My stbxw wife is not missing this, as she has another man in her life now. AGH!!!!!!!!!!

Sorry just had to vent.


----------



## proudwidaddy (Dec 26, 2011)

To follow up, it's not necessarily the sex I'm missing (although I am) it's the being wanted by another person that I really miss.
_Posted via Mobile Device_


----------



## Kearson (Jan 18, 2012)

I TOTALLY get what you are saying. I haven't had any since February and it has been years since it was any kind of passionate. I'm looking at another 2 years AT LEAST before I will have the chance to feel the touch of a man again, and knowing that is driving me six ways of insane 

I'm sorry you are going through this, but I'm sure that eventually you will find someone who appreciates your sentiments toward physical connection


----------



## Lifescript (Mar 12, 2012)

Proud, I find myself in a similar situation. I miss her sleeping next to me. Waking up next to her. It's tough. Lately, I've been thinking a lot about us and our intimate moments. It's not a good feeling since you know most likely those moments will never happen again or when you think that someone else had moments like that with your STBXW or is having them now. Anyways, my advice is to keep working on yourself and you will stop feeling like that once you get over her.


----------



## yellowsubmarine (Feb 3, 2012)

I used to fall right asleep when he was next to me. That has not happened in the last year and a half. I no longer sleep the way I used to.

I have had those moments where I missed cuddling up to someone to watch tv, or just drop my legs on his lap. He would always sit, and I would always get more comfortable on the couch. I miss those moments.

But I must be strong.... and starting thinking about something else. Cannot let this drag me down!


----------



## coachman (Jan 31, 2012)

Well let me give you another point of view.

STBXW and I sleep in the same bed every night. Wake up to her every morning.
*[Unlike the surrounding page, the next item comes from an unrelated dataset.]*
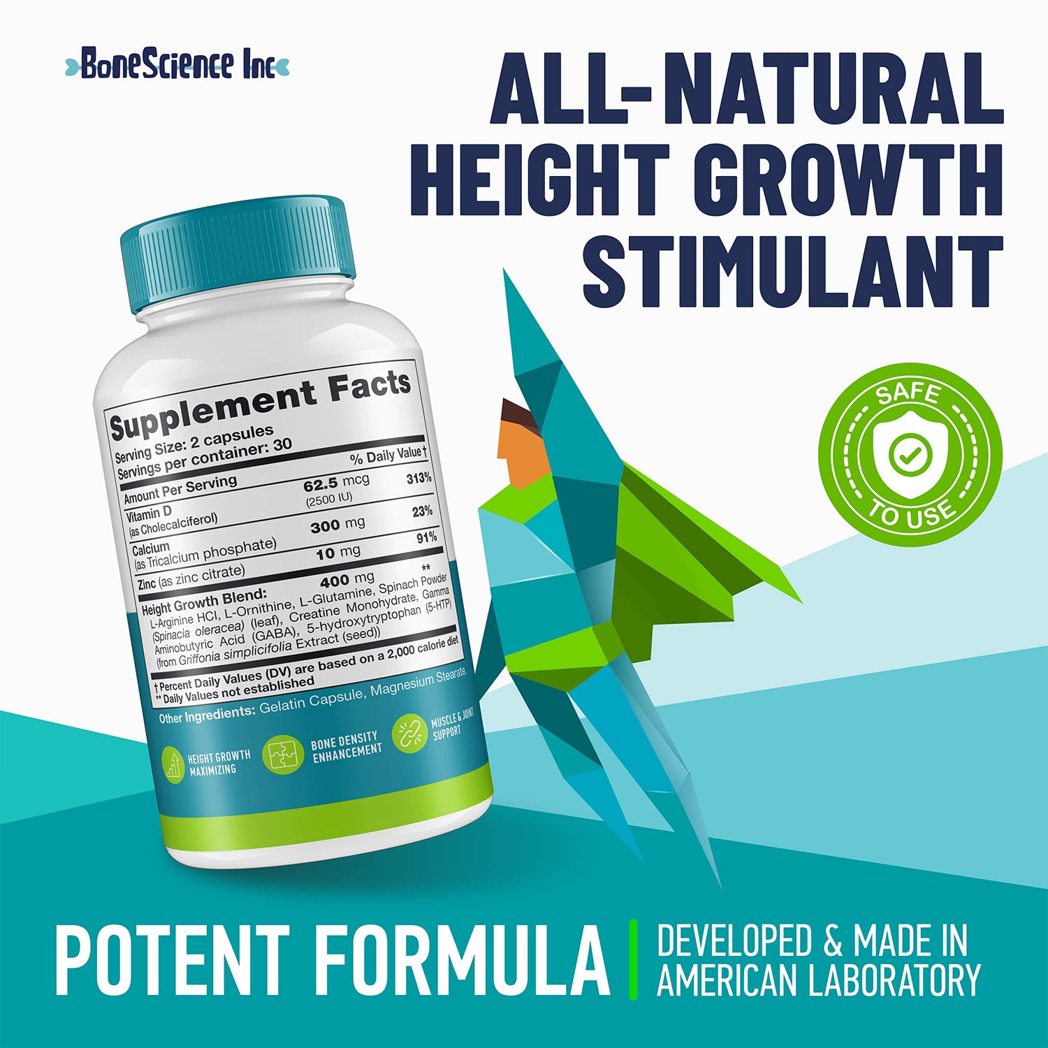 - Height Growth Pills - Growing taller is now possible with the exclusive formula of BoneScience Inc capsules. Since our body does not produce zinc or calcium as the main height drivers, there is a need for regular intake. Perfect for kids, teens, and adults, our growth pills provide a daily portion of essential nutrients to stimulate your height growth naturally and increase bone density safely.

See her naked everyday.

Haven't been intimate (and won't be) for about 8 months. 

Just because you have them in your bed doesn't bring the connection back. Yes we have cuddled and watch tv together nightly and it's great to have the company of your best friend...but it's still the person who is quitting the marriage, had an affair and whom I don't trust a word she says. 

Still, it's nice to know she is there even if it won't last much longer.

It would sure be easier for the healing process if she's wasn't there, but I'm still enjoying the last few moments we have.


----------